Meeting Z is larger than a threshold value eta, 1 eta is smaller than 2, taking the target frame as a new key frame, taking a pose parameter matrix of the target frame relative to the current key frame as a pose parameter of the new key frame, and simultaneously updating the target frame into the current key frame; finishing key frame sequence establishment by the iteration;

(3) And taking the viewpoint of the first frame of the sequence image as the origin of the world coordinate system, scaling the resolution of any target image to M multiplied by N, calculating to obtain three-dimensional coordinates under the camera coordinate system according to the internal parameters and depth information of the camera obtained by network output, and calculating to obtain the three-dimensional coordinates in the world coordinate system of each pixel of the target frame according to the pose parameters of the camera output by the network and combining the pose parameters of each key frame in the key frame sequence and the pose parameter matrix of the target frame relative to the current key frame.

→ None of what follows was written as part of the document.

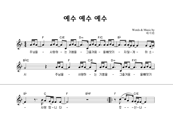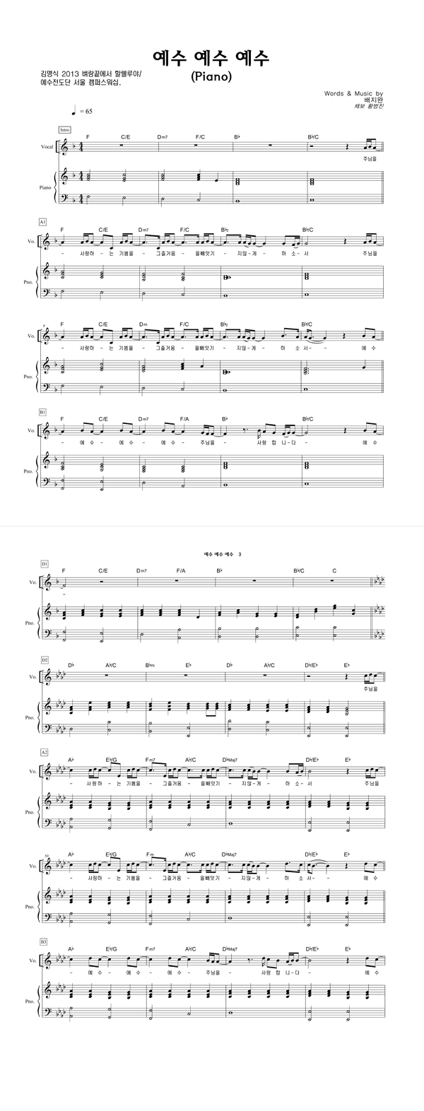 | 예수 예수 예수 | 성가 2부 + 피아노 반주 |

The invention has the beneficial effects that:

the invention designs a transducer network model based on mutual attention, which adopts a mutual attention mechanism among different views to learn, so that the intelligent perception capability of deep learning is fully exerted in the three-dimensional reconstruction of medical images, three-dimensional geometric information can be automatically acquired from two-dimensional ultrasonic or CT images, the medical clinical diagnosis target can be visually displayed by using the invention, an effective 3D reconstruction solution can be provided for the medical auxiliary diagnosis of artificial intelligence, and the efficiency of the medical auxiliary diagnosis of the artificial intelligence is improved.

Drawings

FIG. 1 is a three-dimensional reconstruction result graph of an ultrasound image of the present invention;

fig. 2 is a three-dimensional reconstruction result diagram of a CT image according to the present invention.

Detailed Description

The invention will be further described with reference to the accompanying drawings and examples.

Examples

The embodiment is implemented under Windows 10-bit operating system on PC, and the hardware configuration is CPU i7-9700F, memory 16G,GPU NVIDIA GeForce GTX 2070 8G; the deep learning library adopts Tensorflow1.14; programming is in Python language version 3.7.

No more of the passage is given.